Mama crouched down beside a suitcase, unfastened and opened it. Inside was a rubble of oddities that smelled damp and foreign. As she removed a handkerchief, a single moth fluttered up from the case so it looked, for a second, as though the cloth itself was taking off. A magnifying glass, which she held to her face, turning a giant, augmented eye upon the room, owlish and black. When she blinked, her lashes brushed the lens. She placed the glass on the floor beside her left foot, as though that was where she intended to keep it, but as soon as she did so the little girl leapt forwards and carried it off to examine dust in a crevice by the window. Mama withdrew a pair of compasses, walking them idly along her forearm. The points dug into her skin, leaving white spots that shrank and turned pink.

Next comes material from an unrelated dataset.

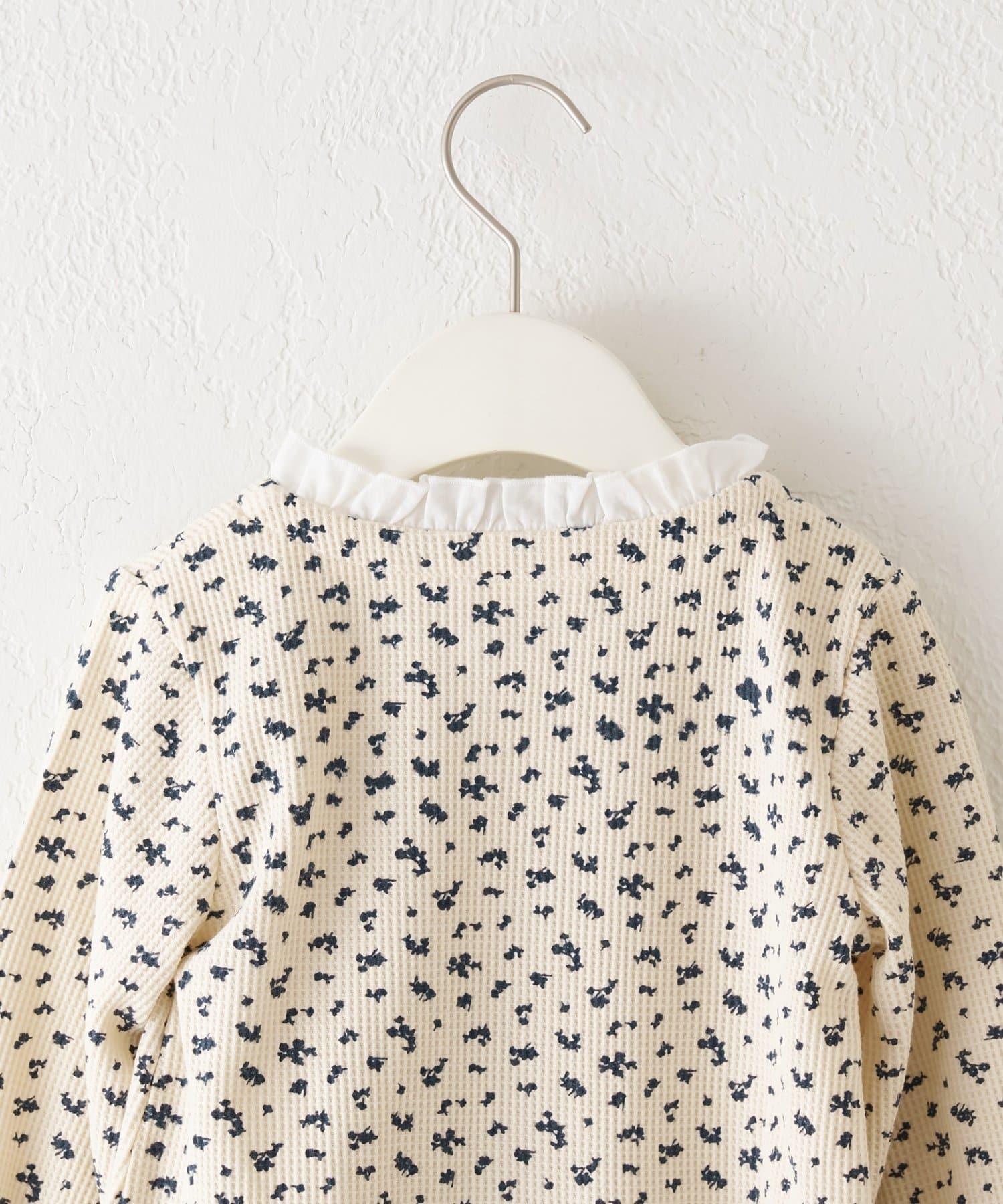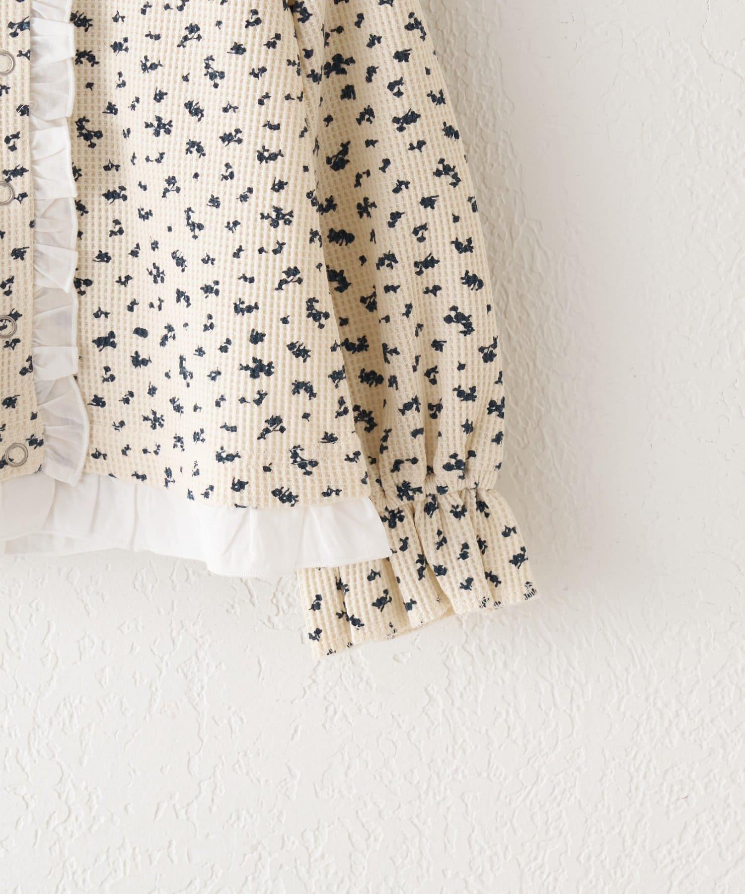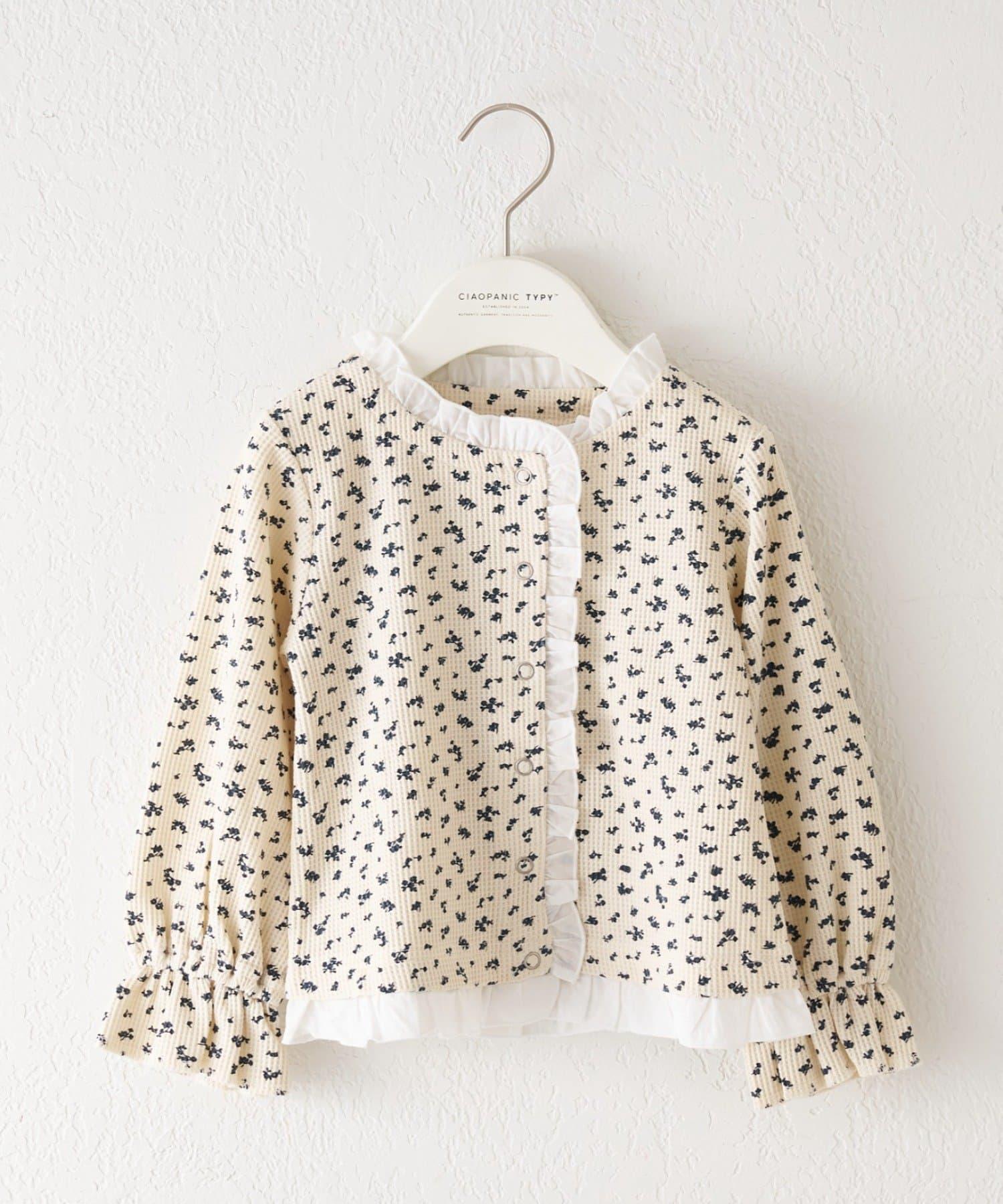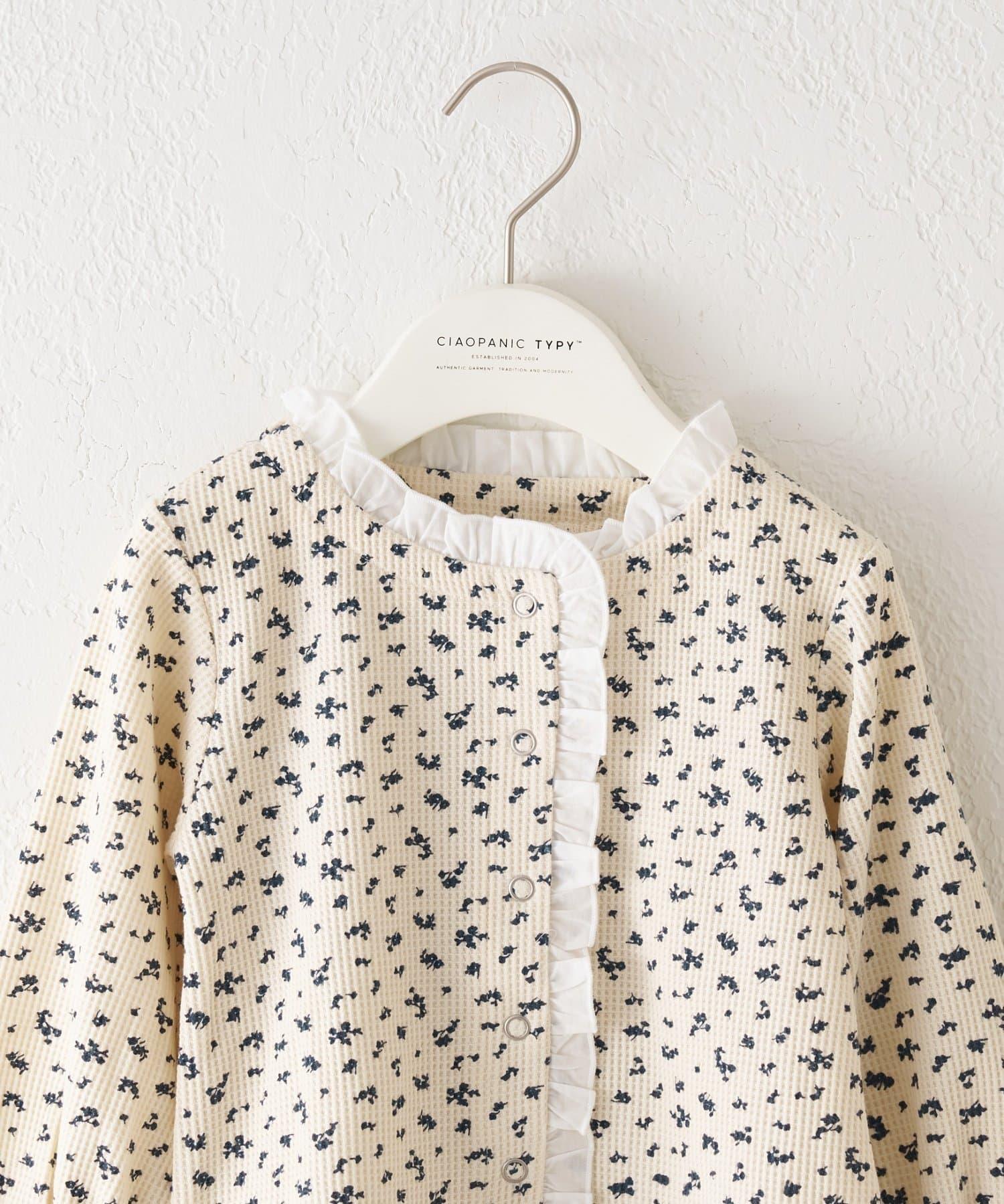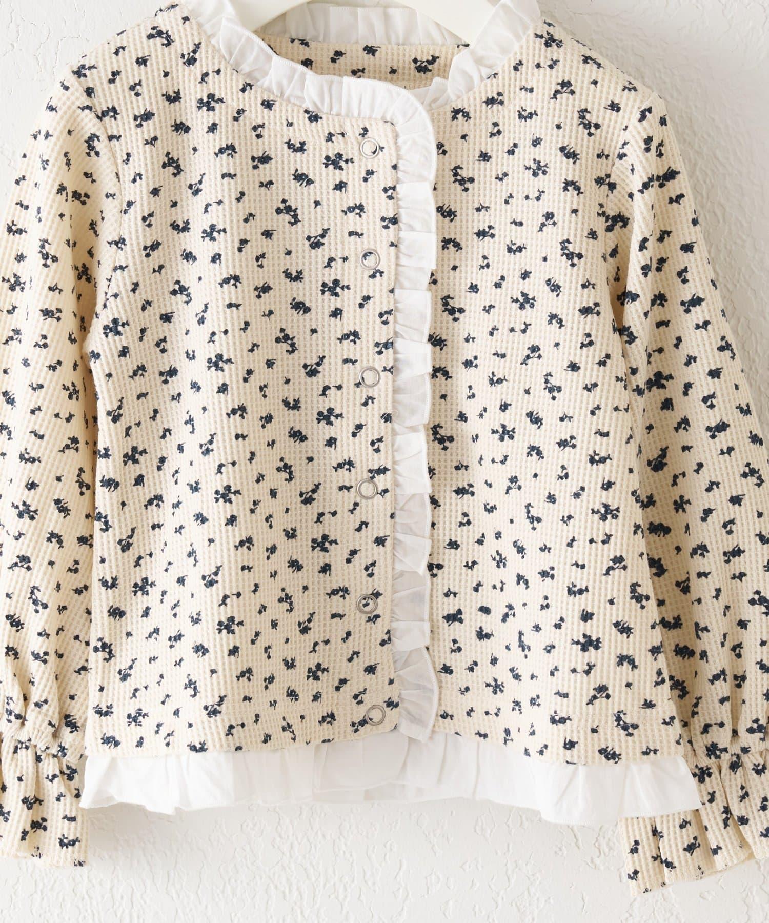 【KIDS】花卉印花荷葉邊華夫格按扣開衫

“What are you doing?” said the boy.
Mama dug the point of the compass under her thumbnail, scraping out a crescent of dirt. She looked up. “Unpacking, Maurice.”
And so the foreign family filled the familiar rooms with their unfamiliar things. Mama produced trinket after trinket, clue after clue, from her case, setting them beside her on the floor. Sheet music, scrawled hastily as though it were a lovers’ note. Tobacco. Neckties. A sheaf of papers clasped in a worn-out leather folder, embossed with faded letters that read: From the pen of George Sand.
“We’re really going to stay here?” Maurice, hovering in the doorway from the garden, looked uncertain.
She turned her attention back to her hands and said, wearily I thought, “We really are.”
My heart—the place where my heart had been when I was alive—soared.